#### [ACTION ITEM]
For the material that follows, return exactly the lines from the one with "押すだけ鮮度長持ち真空保存!真空ポット800mL[1点] (コーヒー豆 トマト" through the one with "Три основные группы", both ends included.

#### [SUPPLIED DATA]

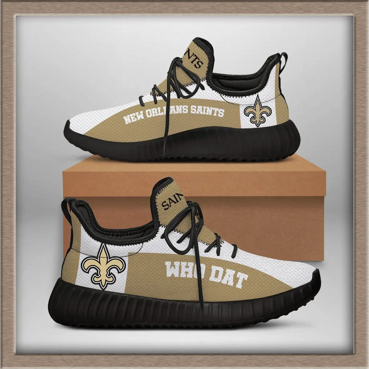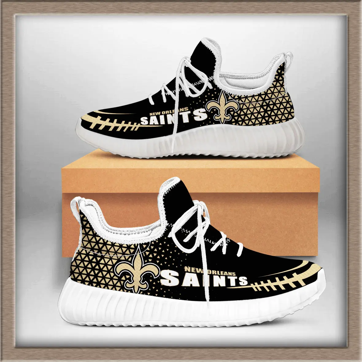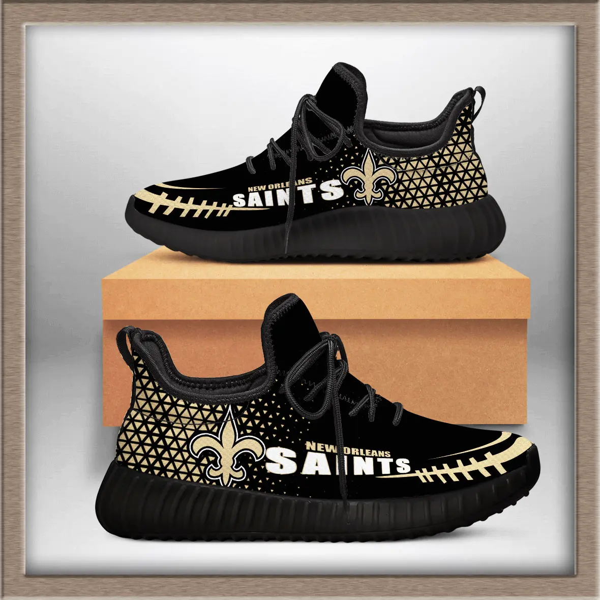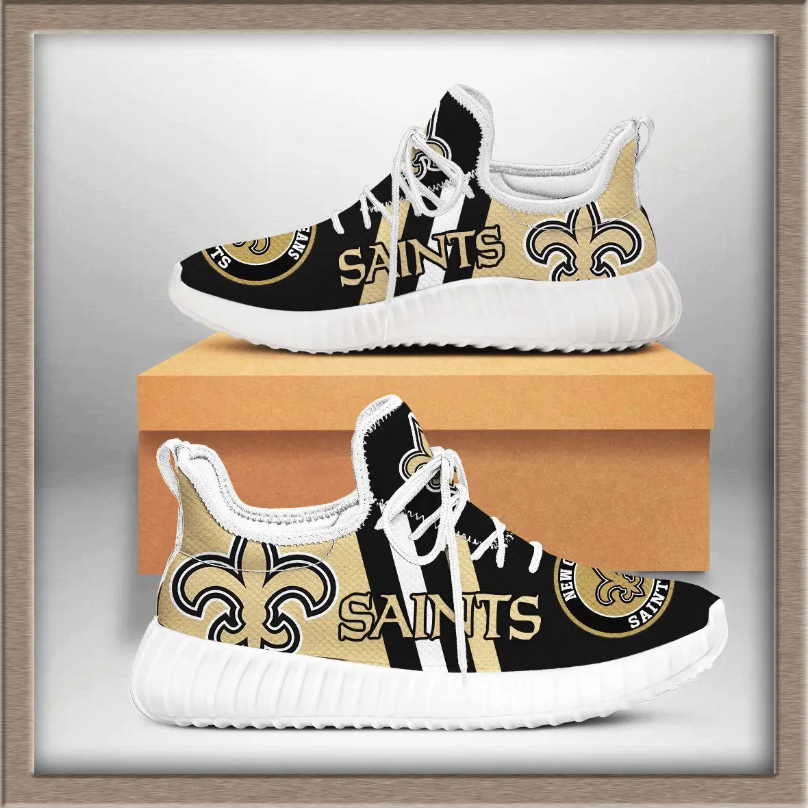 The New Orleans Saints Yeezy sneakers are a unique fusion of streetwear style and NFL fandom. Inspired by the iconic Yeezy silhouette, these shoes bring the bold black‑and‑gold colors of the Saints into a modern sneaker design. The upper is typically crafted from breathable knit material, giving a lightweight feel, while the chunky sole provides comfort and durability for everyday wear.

* * *

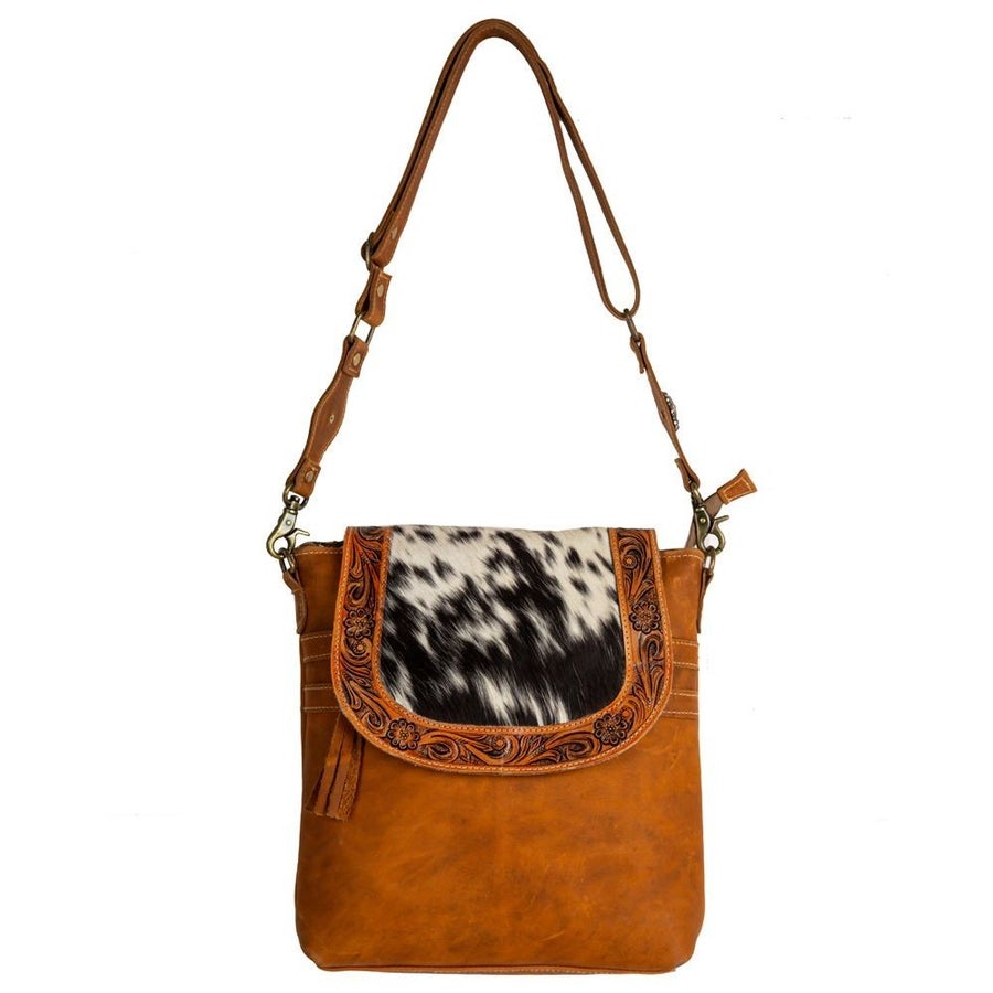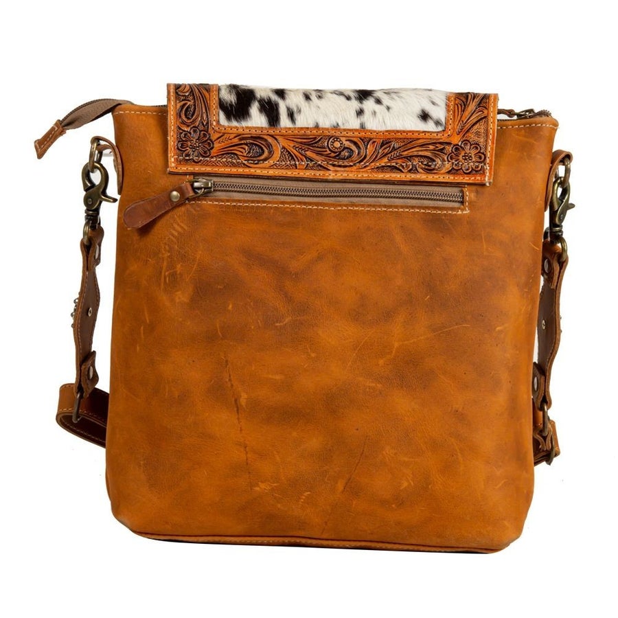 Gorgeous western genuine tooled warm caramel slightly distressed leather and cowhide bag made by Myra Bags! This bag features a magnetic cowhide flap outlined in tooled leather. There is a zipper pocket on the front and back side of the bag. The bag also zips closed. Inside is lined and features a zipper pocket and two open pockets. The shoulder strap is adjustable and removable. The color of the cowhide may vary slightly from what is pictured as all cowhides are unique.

--

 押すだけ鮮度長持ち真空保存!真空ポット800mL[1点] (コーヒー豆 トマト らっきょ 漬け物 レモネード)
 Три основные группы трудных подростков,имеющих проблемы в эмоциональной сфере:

#### [SOLUTION TO THIS TASK]
 押すだけ鮮度長持ち真空保存!真空ポット800mL[1点] (コーヒー豆 トマト らっきょ 漬け物 レモネード)
 Три основные группы трудных подростков,имеющих проблемы в эмоциональной сфере:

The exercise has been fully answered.